The Emerging World of Real-Time Cellphone Data

At ReadWriteWeb we’ve been following with interest the projects of the MIT SENSEeable City Lab, which is producing some excellent analysis and visualizations of cellphone data in urban centers. MIT refers to this data as “digital footprints,” because it essentially tracks the movement and sometimes actions of people in an environment. Our most recent post looked at what cellphone data revealed about who attended the Obama Inauguration in January.

Recently we spoke to Andrea Vaccari, a research associate at the lab. He gave us a fascinating glimpse into the coming world of practical apps built on top of digital footprints.

ReadWriteWeb’s one slight criticism so far of the SENSEeable City Lab projects has been that it hasn’t reached the point of much practical use yet. So we asked Andrea to tell us how the research his group is doing might be used in the real-world. In a follow-up post, we’ll explore a recent project: The New York City Waterfalls.

What Does MIT’s SENSEeable City Lab Do?

Firstly, what are the goals of MIT’s SENSEeable City Lab? Andrea told us that it aims to “inform the public,” to show vision and to inspire.

We asked if there is potential for commercialization, by companies and startups. Andrea replied that there is, but that we’re only at the early stage of understanding ‘digital footprints.’ He said that for the first time we have access to these data sets – via cellphone data – and so we have to understand it first. This is MIT’s objective. But he explained that there will, in time, be practical uses for what they are researching, for example, organizing public transportation.

Uses of Real-Time Cellphone Data

Many companies are already using cellphone data to predict traffic and transportation – it’s the “first and most obvious problem to target” according to Andrea Vaccari.

However he sees many other opportunities. Tourism is one – he mentioned MIT’s ‘the world’s eyes’ project in Spain, based on geo-tagged photos in Flickr. In this project hundreds of photos were tagged by Flickr users as party, arty, and so on. This allowed them to see where all the parties were happening, which areas were arty, etc. Andrea explained that it could also identify the type of person who took the photo, so they can identify trends from that – for example, a particular area of a city might be frequented by a particular nationality or age group.

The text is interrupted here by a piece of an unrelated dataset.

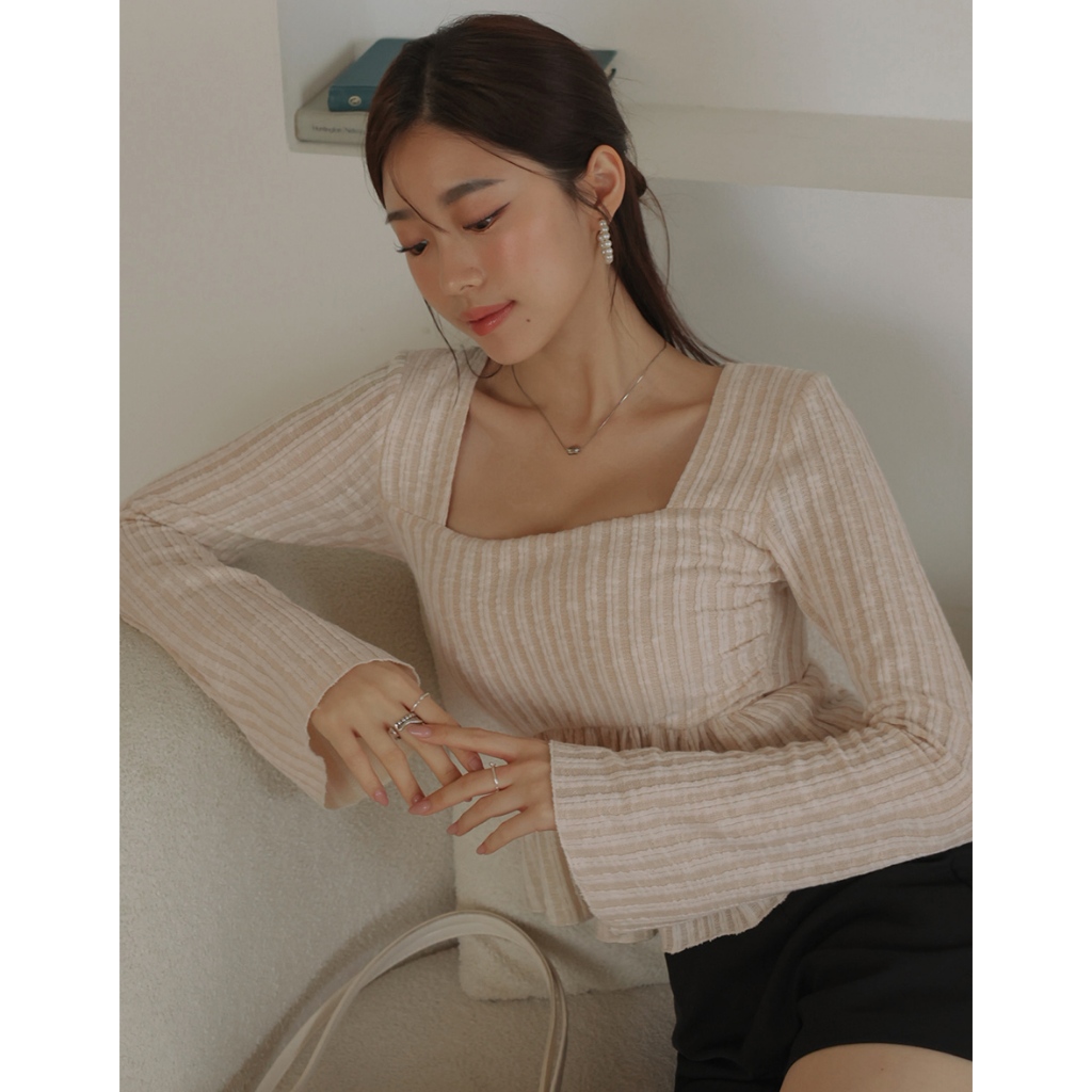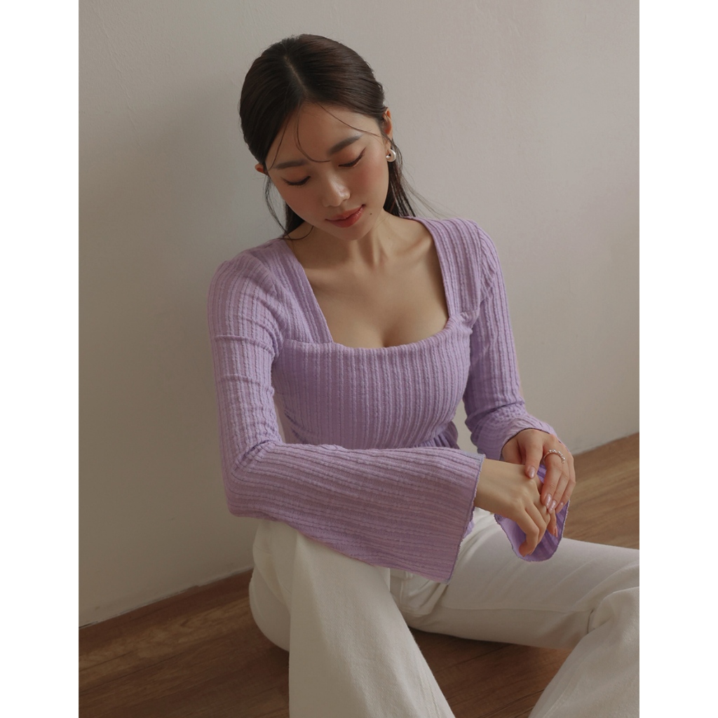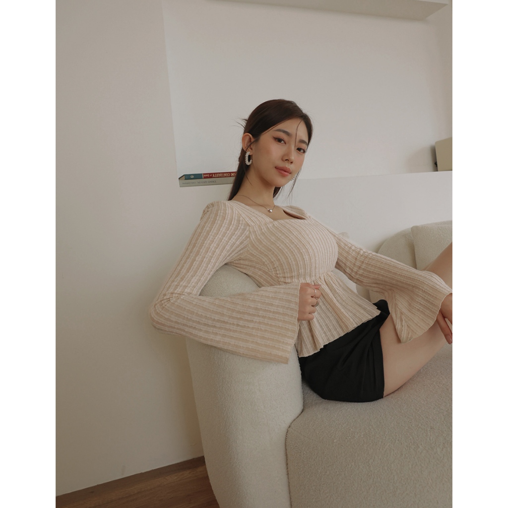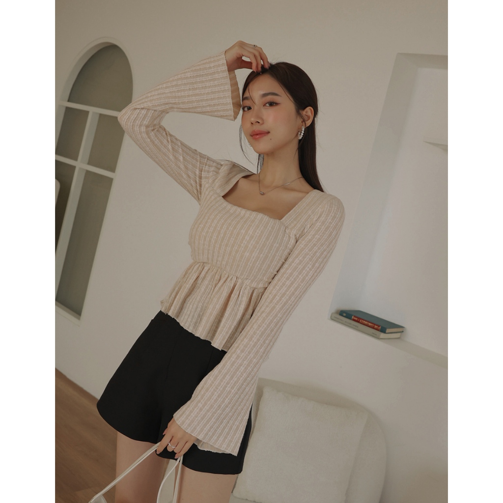 AIR SPACE LADY 方領荷葉傘擺針織上衣(杏/紫) 女裝 現貨杏,S|杏,M|杏,L|紫,S|紫,M|紫,LAIR SPACE

Another opportunity is security. Andrea said that people often think of the negative use of aggregate cellphone activity (in particular the threat to privacy), but there are also positive security uses. For example, it can alert you to potential trouble spots. Or it can help detect car accidents or fires by checking cellphone activity variations.

These are some of the commercial activities for real-time cellphone data. As yet we haven’t seen too many companies using such data, but one we reviewed recently was Sense Networks. It has a product called Citysense, an iPhone and Blackberry app that allows people in San Francisco to see the most happening nightlife in real time. Andrea noted that there is a major difference between what SENSEeable City Lab does and what Sense Networks does. MIT collects aggregate data, whereas Sense Networks collects individual behavior from their users’ phones. Andrea noted that a disadvantage of getting aggregate data is that the detail is lower, however, the advantages include that it covers all of the city, is “unbiased” and doesn’t cost anything. Which leads to the question…

Where Does The Data Come From?

The aggregate data that MIT uses comes via telecoms companies. MIT has different partnerships, for example, they worked with AT&T on the NYC Waterfalls project (the subject of our next post on this topic). Andrea admitted that
it’s easier for academic institutions (eg MIT) to get access to that data. It would be harder for commercial companies – or even for the telecoms companies themselves – to use it. He says that,
hopefully, in future telecoms companies will be more free to give the data out (securely of course!) and enable re-use of it.

Andrea mentioned that currently very few groups around the world have access to this data by telecoms providers; and MIT has only had access to it for a couple of years. So it really is an emerging field of discovery.

What’s Next

The next step for the SENSEeable City Lab is to put what they’ve done into a consistent framework, currently in development.

Andrea also said that they’re working more with semantic data – for example comparing the frequency of a word in a document with the frequency in the total library of documents. Using this methodology, they can identify keywords, check if it’s in (for example) Wikipedia, then create a semantic index with a set of tags. In other words, eventually they’ll be able to determine what cellphone activity means semantically.

A number of trends are converging that will make use of cellphone data very widespread, and soon. Andrea mentioned that in 2008, for the first time, more than 50% of the world’s population lived in cities. He noted too that the
physical and digital are merging. Also at ReadWriteWeb we’ve been tracking the growing number of Mobile Web apps that use location data. For example, there are currently a lot of location-based social networking companies. They include “social compass” service Loopt (our review), Nokia-owned Plazes (our review), Pelago’s Whrrl, ULocate, and GyPSii. Probably our favorite right now is mobile social network app Brightkite, which last year we named our Most Promising startup for 2009.

So expect real-time cellphone data to have many useful applications in the near future. Let us know what applications you hope to see emerge out of this.